Cheney Chan is blending traditional Chinese craft with modern couture, creating dazzling designs captivating Eastern and Western audiences; the rising fashion star gives us his take on dreaming big

He made his unofficial debut at Paris Haute Couture Fashion Week last June, but his growing social media presence – 5.5 million Douyin followers and counting – has already made Chan a popular influencer

It’s telling that Chan chose to use one of ancient China’s greatest inventions – a precious, delicate material made from the metamorphosis of silkworms – to create his own, marking the designer’s impressive evolution over the years and fully realising his transformative vision of fashion.
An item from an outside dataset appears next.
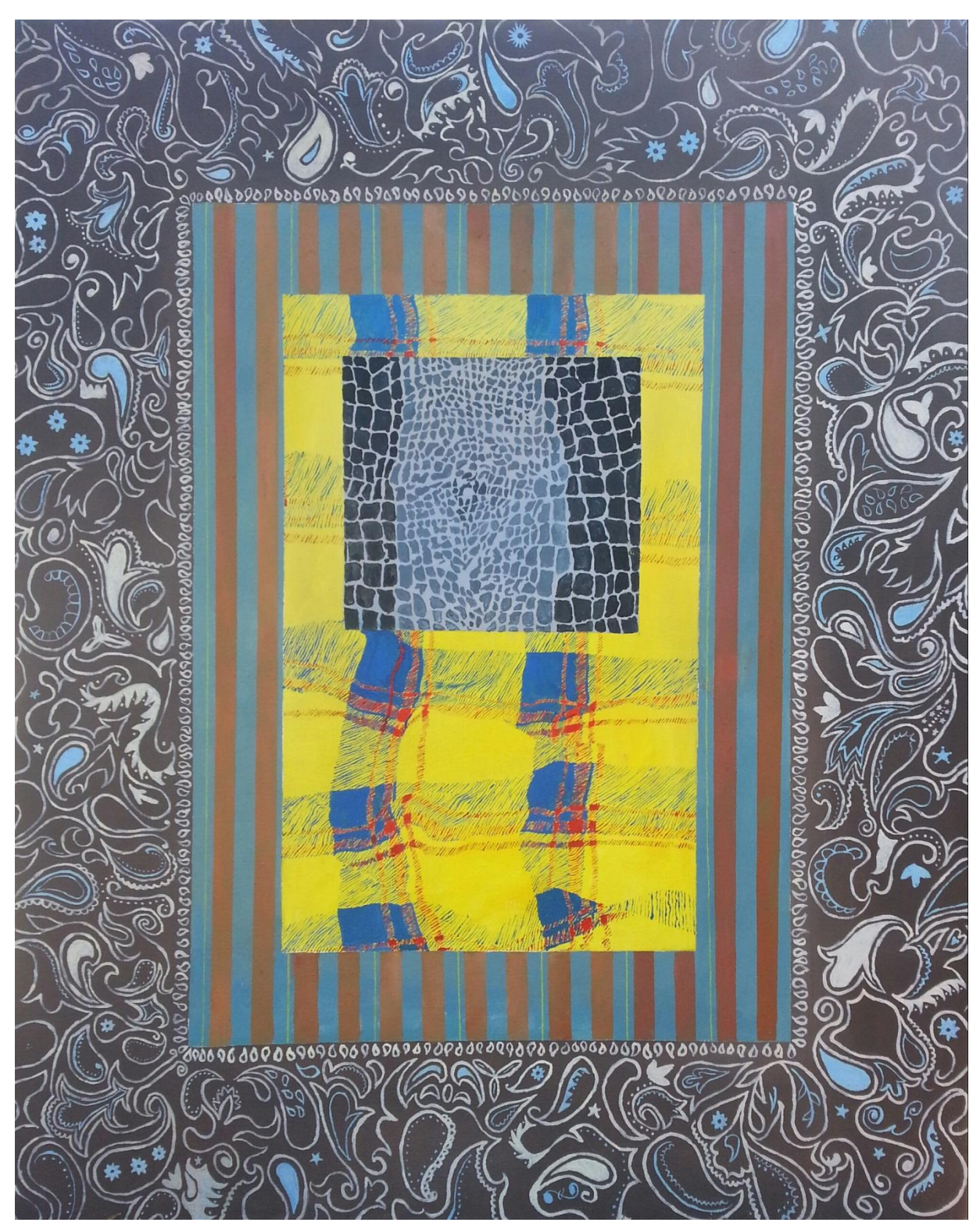
A Well Dressed Cowboy, Oil
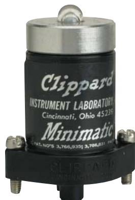
Twin Pilot 4-Way Valve

Just as silk, woven into luxurious fabrics and traded along its namesake Silk Road, became the hottest new commodity on the block as early as two millennia ago, Chan is now one of mainland China’s most promising young exports – a home-grown talent making revolutionary breakthroughs in the East and West.


“When I talk with my followers, we just talk about how to make you more fashionable,” says Chan when we catch up at his recent trunk show with the Hong Kong Fashion Designers Association. “It’s easy to deal with ready-to-wear, how to cover your body, shape your body, something like that. But when I do couture work, I just be myself. I don’t need to talk with anyone else.”
As much a dreamer as he is a designer, Chan has larger-than-life ideas that often take shape subconsciously as he grounds himself in the design process – grasping with the grandiosity of his fantasies, so to speak, without losing his grip on reality. “For me, it’s [been] a long journey to do this,” says Chan, 32, who earned his stripes as a ready-to-wear designer for almost a decade before launching his couture-exclusive Cheney Chan Private label in 2021. “In the past, I didn’t do it well. When I designed a dress about, for example, porcelain, I only drew some patterns like qinghua qi [blue and white Chinese porcelain]. But it was not enough. It wasn’t contemporary enough.”

Feeling uninspired, Chan returned to the foundation of fashion and art in general – experimentation – to reach into the depths of his imagination and create something so profoundly vivid it could only be deemed an extension of the visionary’s world view. Following that train of thought led Chan to develop the principle of fengya qi, which translates roughly as “elegant porcelain” – a term the designer coined to describe not only his porcelain-like creations, but also his overall rebranding.
“Now when I think about porcelain, I make it myself,” he says of his trial-and-error approach. “I found something very funny – I’m not good at making porcelain, and it will fall down. It gave me many beautiful silhouettes.”